In FIG. 11, in step 21, it is determined whether or not it is a cold start. When it is cold start time, the routine proceeds to step 22 to check whether or not the initial voltage determination is OK. This is because the sub-battery voltage Vsb [V] at a timing (t1 in FIG. 6) when a certain time X [ms] has elapsed from the switching timing of the ignition switch from OFF to ON and the torque assist initial determination threshold 1 [V]. ] And comparison. When the sub-battery voltage Vsb after the elapse of X from the ignition switch ON is equal to or greater than the torque assist initial determination threshold value 1, it is determined that the initial voltage is OK, and the process proceeds to step 23 where the torque assist initial OK determination flag = 1.
And The torque assist first time OK determination flag = 1 means that there is no voltage drop in the sub battery 42.

On the other hand, when the sub battery voltage Vsb after the elapse of X from the ignition switch ON is less than the torque assist initial determination threshold value 1, it is determined that the initial voltage is NG, and step 24 is performed.
The torque assist first time OK determination flag = 0 is set. The torque assist first time OK determination flag = 0 means that there is a voltage drop in the sub battery 42.

The initial threshold value 1 for torque assist is the sub battery current Isb [A at a timing (t1 in FIG. 6) when a certain time X [ms] has elapsed since the ignition switch was turned on.
] By searching a table having the contents shown in FIG.

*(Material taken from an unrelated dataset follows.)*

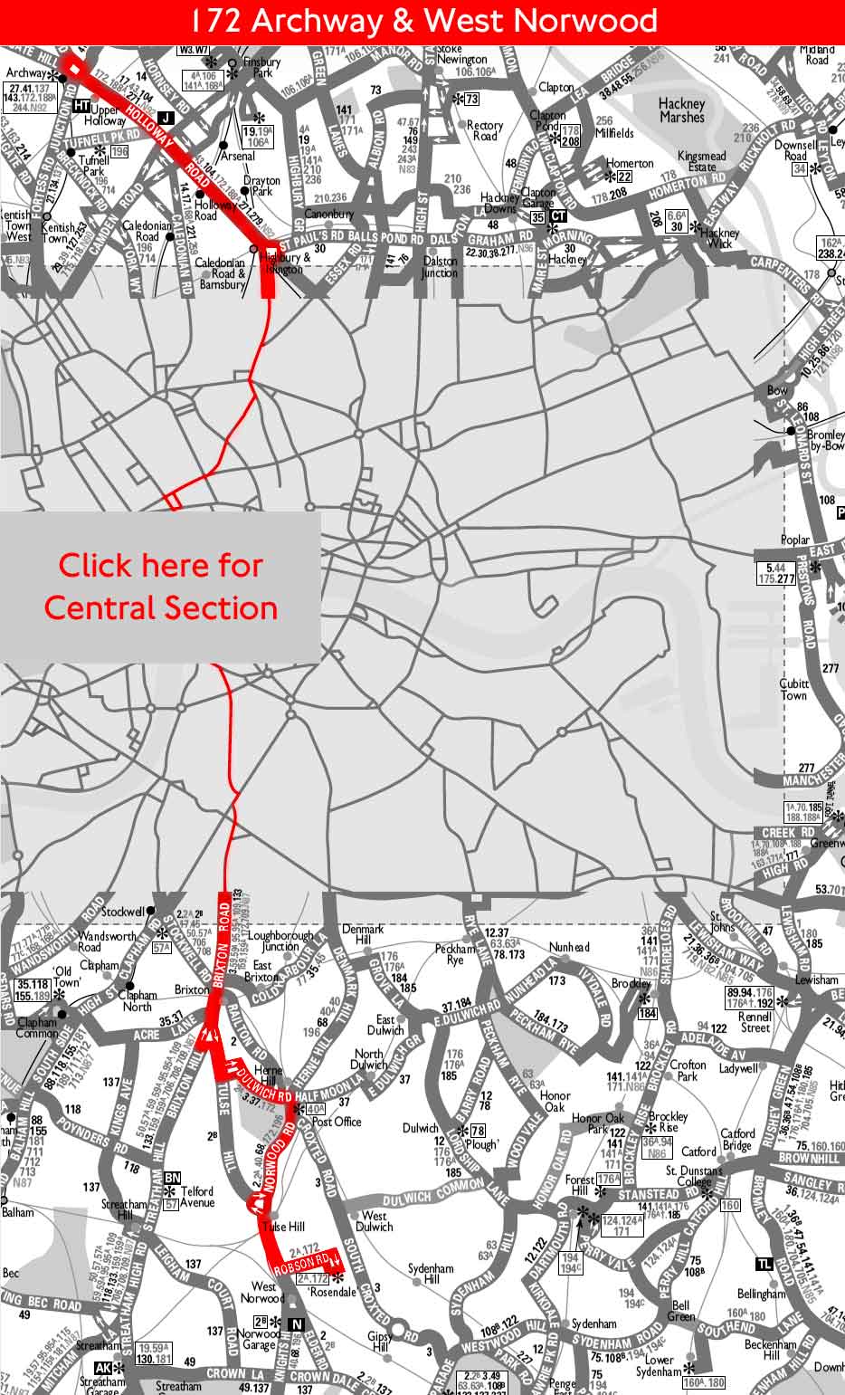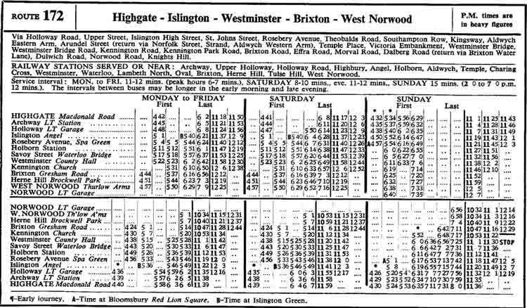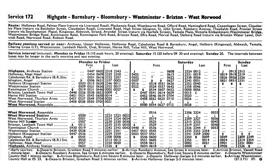 NORWOOD (Mon-Fri) - Westminster - Whitehall - TRAFALGAR SQUARE (Sats) Strand - Aldwych - BLOOMSBURY (Suns) - ARCHWAY

In FIG. 11, when it is not cold start at step 21, the process proceeds to step 25, and it is determined whether or not the torque assist initial OK determination flag = 1 for the sub battery at the start of the previous operation (the sub battery 42 did not have a voltage drop). View. When the torque assist first time OK determination flag = 1 for the sub-battery at the start of the previous operation (the sub-battery 42 has no voltage drop), the process proceeds to step 22 and thereafter.

On the other hand, in step 25, the torque assist first time O for the sub battery at the start of the previous operation.
If the K determination flag = 0 (the sub battery 42 has a voltage drop), step 2
Proceed to step 6 and set the torque assist permission flag = 0 (torque assist is prohibited).

The flow of FIG. 13 is for performing the initial voltage determination of the torque assist permission for the main battery 41. This flow is executed only once at the determination timing during the initial startup. Since the content of the processing itself is the same as that shown in FIG. 11, the different parts will be mainly described.

In FIG. 13, in step 31, it is determined whether or not it is a cold start. When it is cold start time, the routine proceeds to step 32, where it is determined whether or not the initial voltage determination is OK. This is performed by comparing the main battery voltage Vmn [V] at the determination timing during the initial start and the torque assist initial determination threshold 2 [V]. That is, the initial voltage is OK when the main battery voltage Vmn at the determination timing during the initial start is equal to or greater than the initial threshold value 2 for torque assist.
The process proceeds to step 33 and sets the torque assist initial OK determination flag = 1.
The torque assist first time OK determination flag = 1 means that there is no voltage drop in the main battery 41.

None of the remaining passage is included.